L’une des fédérations nationales avec lesquelles nous travaillons a mis en place un réseau social interne qui fonctionne a peu près comme Facebook. Ça peut être une piste de travail. C’est grâce à ce type d’échange que le programme AdB-SolidaTech pourra répondre au plus grand nombre de besoins exprimés par le secteur associatif, en capitalisant sur les expériences et pratiques d’autres associations, y compris celles qui évoluent dans d’autres domaines activités.
Merci Loïc pour cet échange et merci de nous avoir donné un aperçu des coulisses de Greenpeace !
Propos de Loïc Prévotat, Responsable Informatique de Greenpeace France, recueillis par Vincent Blanchard, Responsable du programme SolidaTech.

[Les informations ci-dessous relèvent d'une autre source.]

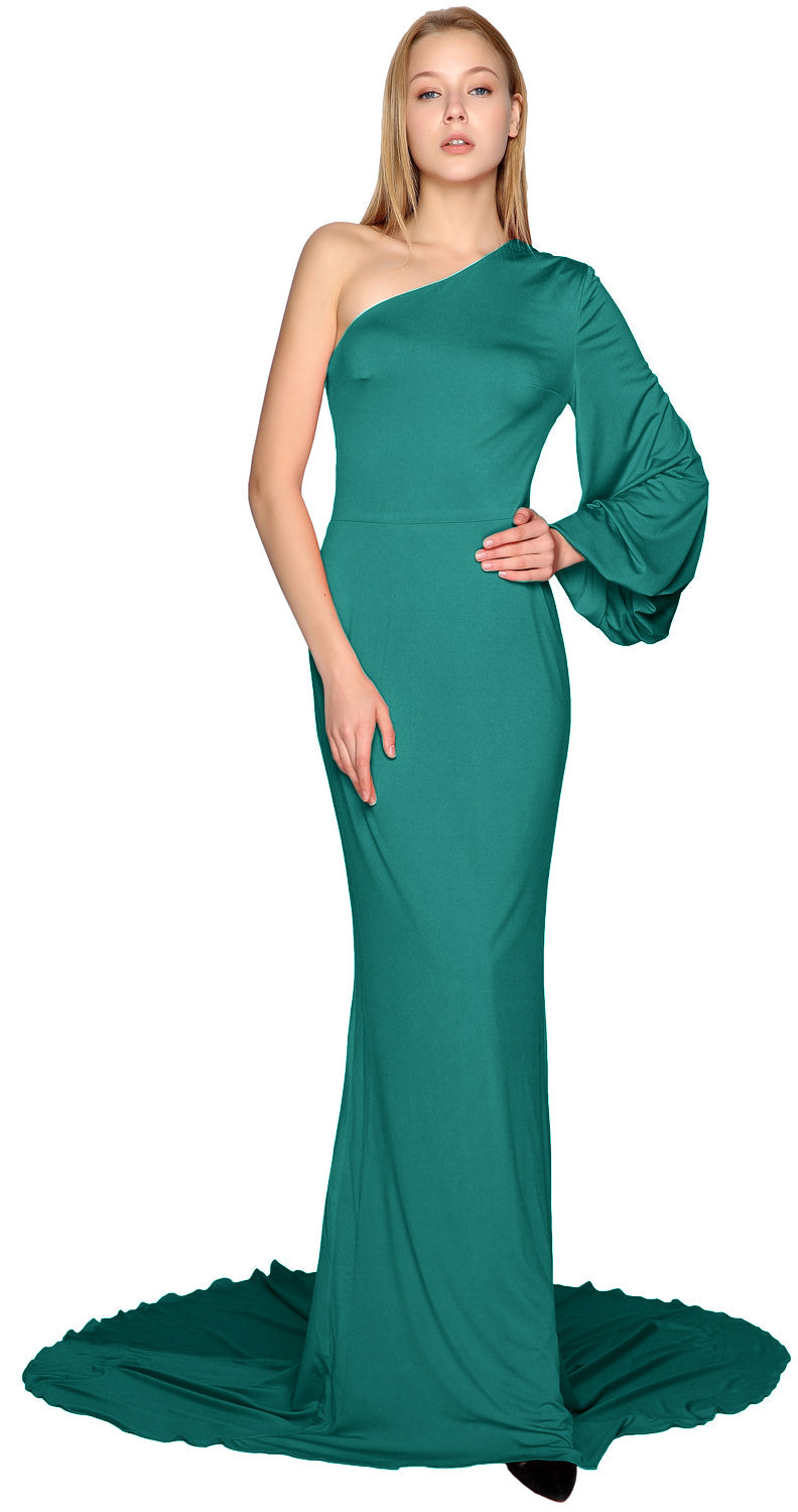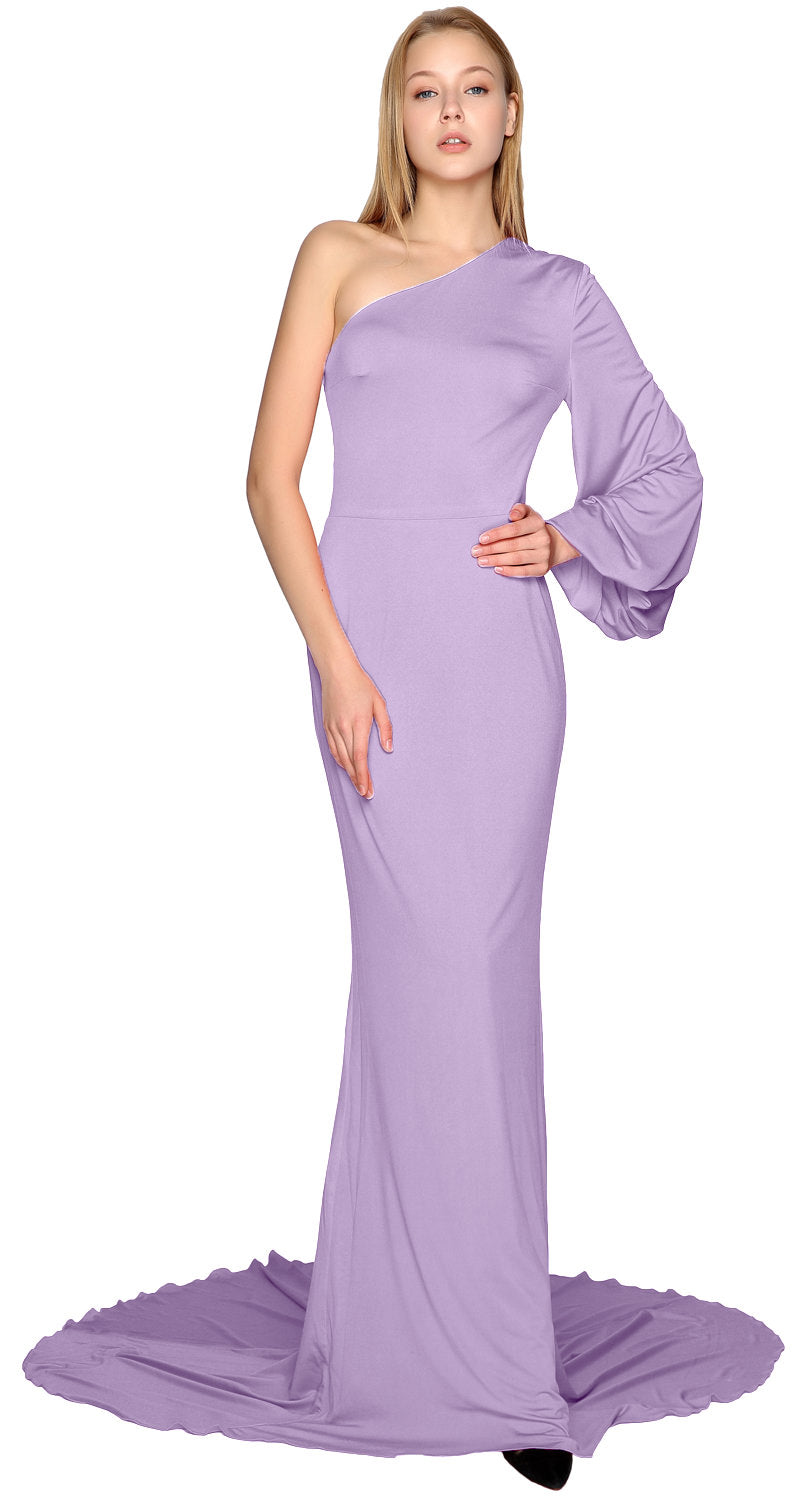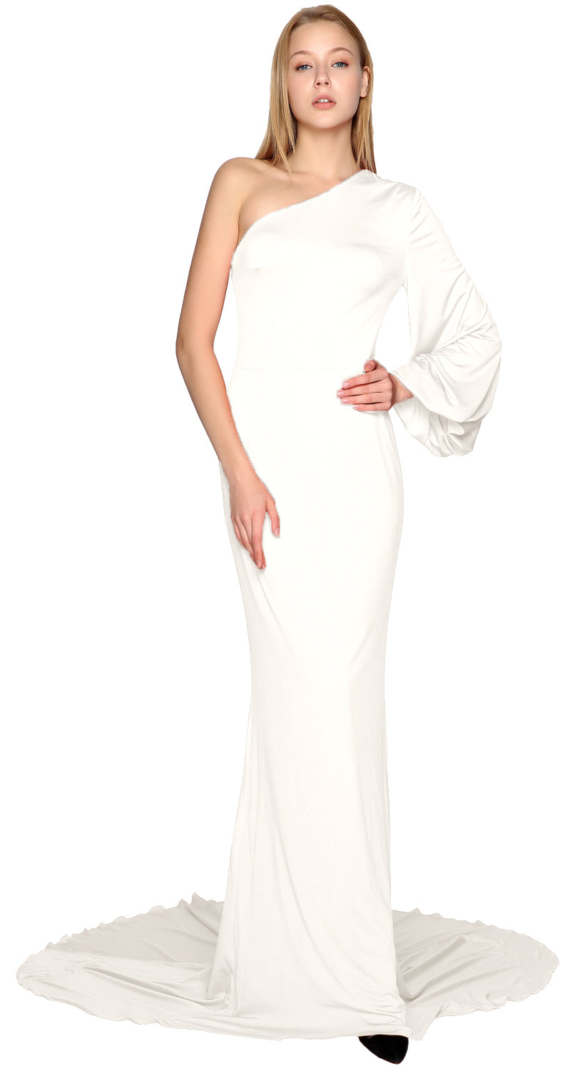 Baila con estilo toda la noche. Este encantador vestido de noche presenta un escote asimétrico con un solo hombro y una manga suelta. La falda de jersey cae hasta el suelo. La silueta ceñida al cuerpo con una cola amplia crea un atractivo sensual.

* groupware : logiciel de partage de document et de travail collaboratif (comme Microsoft Exchange par exemple ou encore eGroupware)

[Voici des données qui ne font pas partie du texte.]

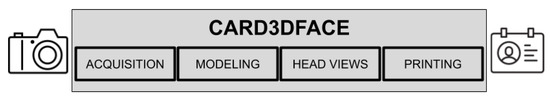 Card3DFace is a system based on four main steps that address the acquisition, modeling, generation of face views and printing phases, as illustrated in Figure 1. The first step seeks to obtain an image of a person’s face based on a single-shot image acquisition. The second phase, modeling, includes two specific steps: the reconstruction and filtering processes. This phase is responsible for transforming the acquired image into a 3D model. The generation of head views corresponds to the third phase, where perspective images of the generated 3D model are obtained and used for printing in lenticular cards, which corresponds to the fourth step.
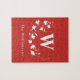 Dieses stilvolle Weihnachtspuzzle mit Ihrem Namen und Monogramm, sowie einem hübschen Blumenkranz in Rot und Weiß.
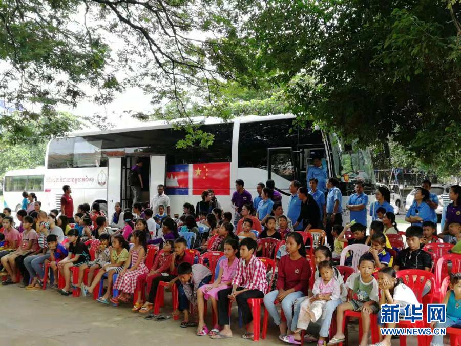 2018年7月,在柬埔寨马德望省,来自中柬两国的医务人员对当地学生进行先心病筛查。新华社发

* IPBX : système utilisé en entreprise qui assure l'acheminement de toute ou partie des communications en utilisant le protocole internet (IP), en interne sur le réseau local (LAN) ou le réseau étendu (WAN) de l'entreprise. (source : http://fr.wikipedia.org/wiki/IPBX)
* détective OGM : il contribue à repérer les OGM dans les produits alimentaires, à les éliminer des rayons de son supermarché et ainsi à montrer aux industriels de l'agroalimentaire qu’il n’en veut pas dans son assiette
* flashcode : sous forme de modules noirs dans un carré à fond blanc, il permet une fois scanné et décodé d’accéder à un plus grand nombre d’informations qu’un code barres traditionnel. Les flashcodes peuvent mémoriser des adresses web, du texte, des numéros de téléphone, des SMS ou autres types de données. (source : http://fr.wikipedia.org/wiki/Code_QR)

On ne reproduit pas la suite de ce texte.